Teen Dating Abuse Happens

TEEN DATING ABUSE HAPPENS

Abusive relationships are more common in teen dating than people may realize. 1 in 3 teens in the U.S. will experience physical, sexual, or emotional abuse by someone they are in a relationship with before they become adults. And 2/3 never tell anyone. Dating abuse does not discriminate – it can happen to anyone, regardless of age, financial status, race, gender, sexual orientation, or background.

February is Teen Dating Violence Awareness Month. A perfect reminder that we need to help raise awareness as well as reach out to the young people in our lives about healthy and unhealthy relationships.

 

UNHEALTHY RELATIONSHIP WARNING SIGNS

  • Checking your phone, email, or social media accounts without your permission

  • Putting you down or belittling you, especially in front of others

  • Isolating you from friends or family (wanting you all to themselves)

  • Extreme jealousy or acting out of their own insecurity

  • Volatile outbursts, quick to anger, or unpredictable mood swings

  • Intention to harm through physical, verbal, sexual, emotional or mental abuse

  • Being possessive or acting with controlling behaviors

  • Pressuring you or forcing you to engage sexually

  • Regularly feeling disrespected or unheard by your partner

 

Dating abuse is typically a pattern of coercive, intimidating, or manipulative behaviors used to wield power and control over a partner. The abusive behaviors often lead to the partner doubting their own self-worth, and as a result they become more dependent on the abuser for validation.

 

Being in a healthy relationship still has ups and downs – there will be disagreements and conflict. And it takes time and effort to sustain a healthy relationship. But the “work” is worth it!

 

KEYS TO A HEALTHY RELATIONSHIP

  • Respect – feeling you are important, appreciated & valued. Holding each other in high regard.

  • Equality – a balance of power. Making decisions together. Each person having a voice.
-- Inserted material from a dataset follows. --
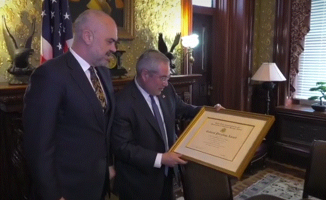 Kryeministri Edi Rama mori sot një cmim për pluralizmin kulturor nga Komisioni për trashëgiminë amerikane në botë. Rama i cili ndodhet këto ditë në SHBA e mori cmimin nga i emëruari nga Presidenti Trump për të drejtuar këtë komision.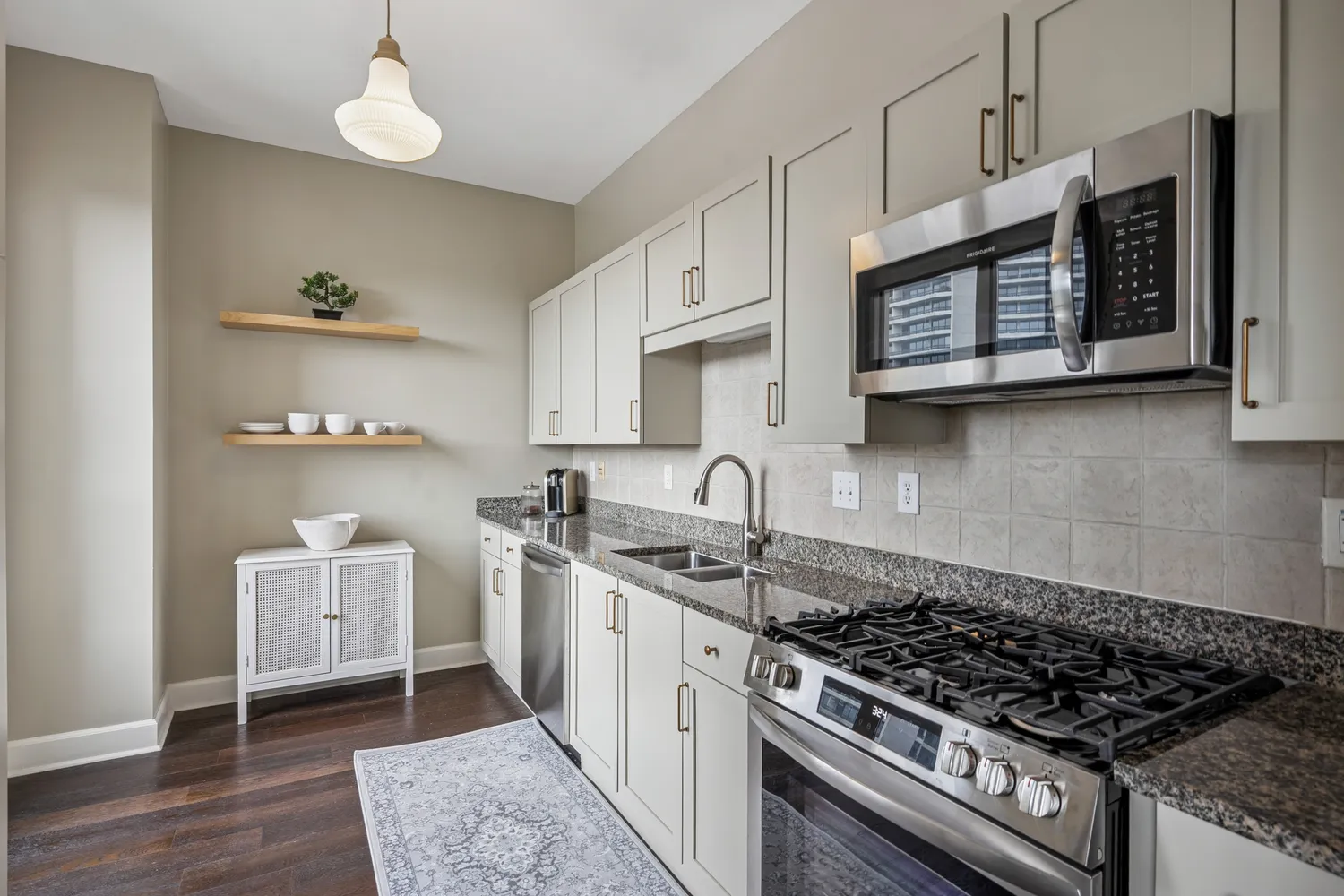 Inside, soaring floor-to-ceiling windows bathe the open-concept living and dining areas in natural light, while the private patio invites you to unwind amidst the quietude of the city skyline. The chef’s kitchen is finished with polished granite countertops, a gas range, and ample storage, creating a perfect balance of function and elegance.

  • Honesty – your actions match your words. Acting with integrity. Being sincere with your reactions and feelings.

  • Safety – knowing your partner will not intentionally hurt you (physically, emotionally, psychologically, etc.). Looking out for your well-being, especially when you are vulnerable.

  • Trust – believing your partner. Relying on each other. Knowing you are not being manipulated, mislead or taken advantage of. Believing that your partner says what they mean.

 

Other important elements of a healthy relationship are: respectful communication, setting & adhering to boundaries, and each person being accountable for their own actions and words.

 

It is a myth that abuse in young relationships isn’t “real”. It absolutely is. And when ignored, it sends a message to both people that abuse is okay – creating a strong possibility that future relationships will also be abusive. Don’t be afraid of talking to the young people in your life about this!